Factoring a prime over a splitting field and factoring a polynomial over of a finite field

Question

Let $f$ be a separable monic polynomials with integer coefficient. Let $K$ be the splitting field of $f$ over $\mathbb{Q}$, and let $p$ be a prime. What is the relationship between the statements

$f$ splits over $\mathbb{F}_p$ and

$p$ is not irreducible in $K$ (there is probably some fancy term for this, like $p$ is inert in $K$?)

There are equivalent for the Gaussian Integers, so probably also for any quadratic extension with trivial class group.

I suspect they are equivalent, and this is probably extremely well known, but I have asked a couple people with no luck.

Answer 1

Let $ K = \mathbf Q(\alpha) $ be a number field with ring of integers $ \mathcal O_K $, where $ \alpha $ is an algebraic integer with minimal polynomial $ \pi(X)$. Dedekind's factorization criterion tells us that if $ p $ is a prime which does not divide the index $ [\mathcal O_K : \mathbf Z[\alpha]] $, then the way $ \pi(X) $ splits modulo $ p $ is equivalent to the way $ (p) $ splits in $ \mathcal O_K $, in other words, if we have

$$ (p) = \prod_{i=1}^n \mathfrak p_i^{e_i} $$

in $ \mathcal O_K $ where the inertia degrees of $ \mathfrak p_i $ are $ f_i $, then we have

$$ \pi(X) \equiv \prod_{i=1}^n \pi_i(X)^{e_i} \pmod{p} $$

where the $ \pi_i $ are irreducible in $ \mathbf Z/p\mathbf Z[X] $ with $ \deg \pi_i = f_i $. This is essentially a consequence of the isomorphisms

$$ \mathbf Z[\alpha]/(p) \cong \mathbf Z[X]/(\pi(X), p) \cong \mathbf Z/p \mathbf Z[X]/(\pi(X)) $$

and the fact that you can read off the relevant data from the ring structure alone.
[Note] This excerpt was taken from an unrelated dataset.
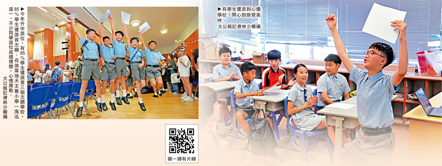 升中派位結果昨日公布,在油蔴地天主教小學(海泓道),大公報記者還未走入教室便聽見裏面傳來一聲:「Yeah!我成功了!」有同學接過派位證的瞬間立刻擺出勝利姿態。陳淑儀校長認為,今年派位滿意率創新高原因有二,其一是香港學生人數減少,另外家長受「心理因素」影響,例如社會廣泛討論有高才或優才家庭抵港,或擔心升學競爭持續上升,因此採較為保守的選校策略,令不少學生獲派心儀中學。今年最多學生入讀華仁書院(九龍),其次為循道中學、聖方濟書院。
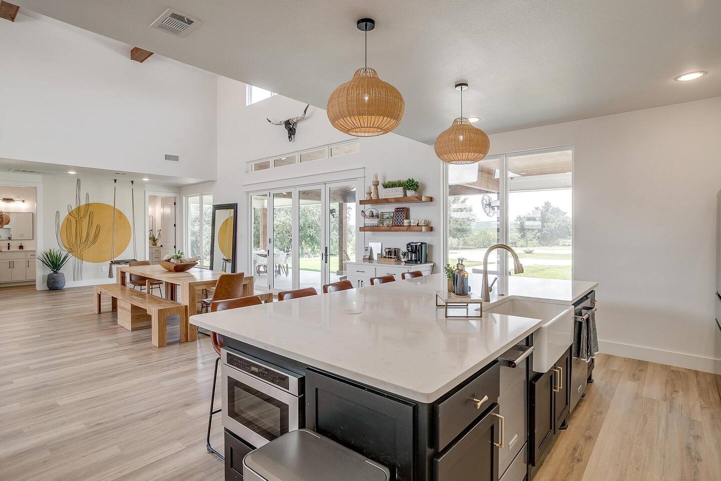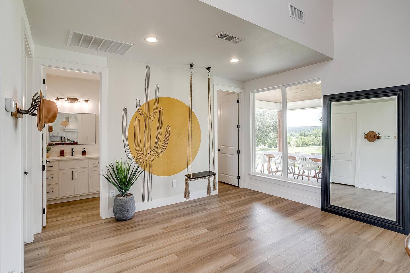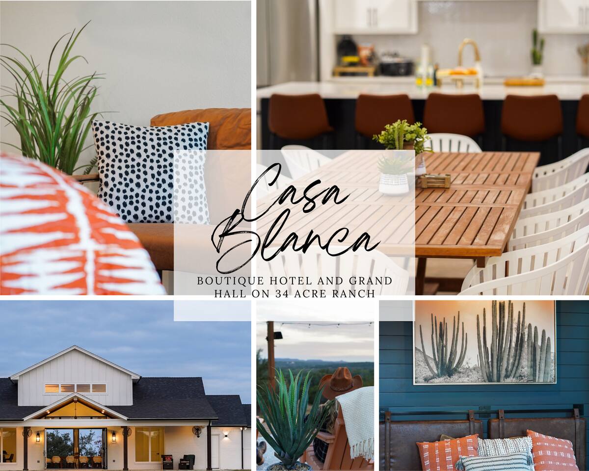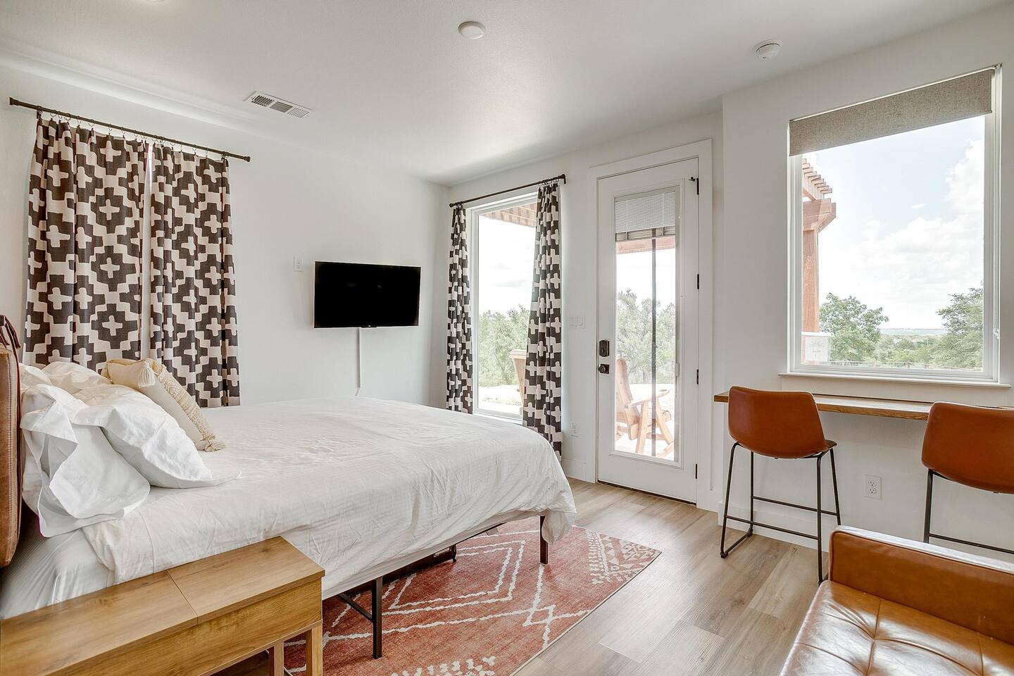 Welcome to our brand new Casa Blanca family getaway on Skyview Ranch! Picture waking up to birdsong, surrounded by a peaceful valley dotted with trees and wide-open skies—all while enjoying the comfort of your own chic King Suite Villa. Casa Blanca sits at the heart of the ranch and includes 5 private King Suite Villas, all under one roof and connected to a spacious Gathering Room. Each suite includes a kitchenette with a mini fridge and freezer, Keurig, microwave, dinnerware, a full en-suite bathroom with walk-in shower, a cozy couch, a dining shelf, and a Smart TV. Casa Blanca can comfortably sleep 16 guests total with plenty of space to relax, connect, and explore. Additional sleeping accommodations: There are 4 twin-size air mattresses stored in the laundry room. These are available for guests to set up as needed—perfect for children or to accommodate additional guests in the Gathering Room or any of the Villas. Between the villas is the true heart of Skyview Ranch: the Grand Hall. This light-filled Gathering Room features a modern kitchen, 10-seat dining table, coffee bar, and two bathrooms—making it the perfect space for your group to relax, cook, and come together. Step outside and enjoy everything Casa Blanca has to offer. Out front, you’ll find two fire pits—one wood-burning and one propane—along with Adirondack seating, perfect for late-night s’mores and stargazing. The backyard features a large grassy area that's ideal for a game of soccer, cornhole, or just letting the kids run free. About 30 feet from the Gathering Room, you’ll find our 36’ swimming pool—fully fenced for safety. The pool deck offers plenty of space to soak up the sun in comfortable loungers, and there’s a propane Weber grill ready for your outdoor meals. Pets: We’re dog-friendly! Up to three well-behaved dogs are welcome with a $75 non-refundable pet fee per dog. Outdoor amenities: Explore 34 acres of natural beauty with hiking trails, wide-open skies, and plenty of room to roam. Enjoy a game of horseshoes or tetherball in the game arena tucked further into the ranch, near our additional cabins (also available to book). Our stocked fishing pond is a peaceful spot to cast a line—bring your poles and relax. If you’re in the mood for an outdoor meal, enjoy our picnic area shaded by trees, complete with string lights and four picnic tables. The wooden swing nearby is a guest favorite for quiet moments and morning coffee. EV Charger: A Tesla EV charger is available and easy to access for all guests. Events: Hosting a celebration, retreat, or gathering? Events are welcome—just reach out for pricing and details. Photography sessions: Skyview Ranch is a stunning setting for family photos. Ask us about our recommended local photographer! Pizza Oven Package: Ask us about our outdoor Pizza Oven package to be able to make your own individual sized 8" pizzas! Nearby attractions: Granbury Historic Square – 4.6 miles Fossil Rim Wildlife Center – 12 miles Dinosaur Valley State Park – 13 miles Big Rocks Park – 15 miles Hard Eight BBQ in Stephenville – 23 miles Wiseman House Chocolates in Hico – 22 miles Fort Worth Stockyards – 64 miles

As an example of how this fails when the criterion regarding the index is not met, consider $ K = \mathbf Q(\sqrt{5}) $. $ \mathbf Z[\sqrt{5}] $ has index $ 2 $ in $ \mathcal O_K $, and we have $ x^2 - 5 = (x+1)^2 $ in $ \mathbf Z/2\mathbf Z $, which suggests that $ 2 $ would be a totally ramified prime. However, this is not the case: $ \operatorname{disc} \mathcal O_K = 5 $, therefore $ 2 $ is not even a ramified prime in $ \mathcal O_K $. (This is a counterexample to your claim, since $ \mathbf Q(\sqrt{5}) $ is actually the splitting field of $ x^2 - 5 $ over $ \mathbf Q $. Note that $ \mathcal O_K $ is even a principal ideal domain!)

Answer 2

Let’s look at a simple example, $f(X)=X^3-2$ and its splitting field $K=\Bbb Q(\lambda,\omega)$, over $\Bbb Q$, where $\lambda=\sqrt[3]2$ and $\omega$ is a primitive cube root of unity. Take $p=5$, and look at $f\in\Bbb F_5[X]$, where it factors as $(X+2)(X^2+3X+4)$, so $f$ doesn’t split there.

Calling $\mathscr O$ the ring of algebraic integers of $K$, we can see that $5\mathscr O$ factors as $\mathfrak p_1\mathfrak p_2\mathfrak p_3$, where in each case $\mathscr O/\mathfrak p_i\cong\Bbb F_{25}$.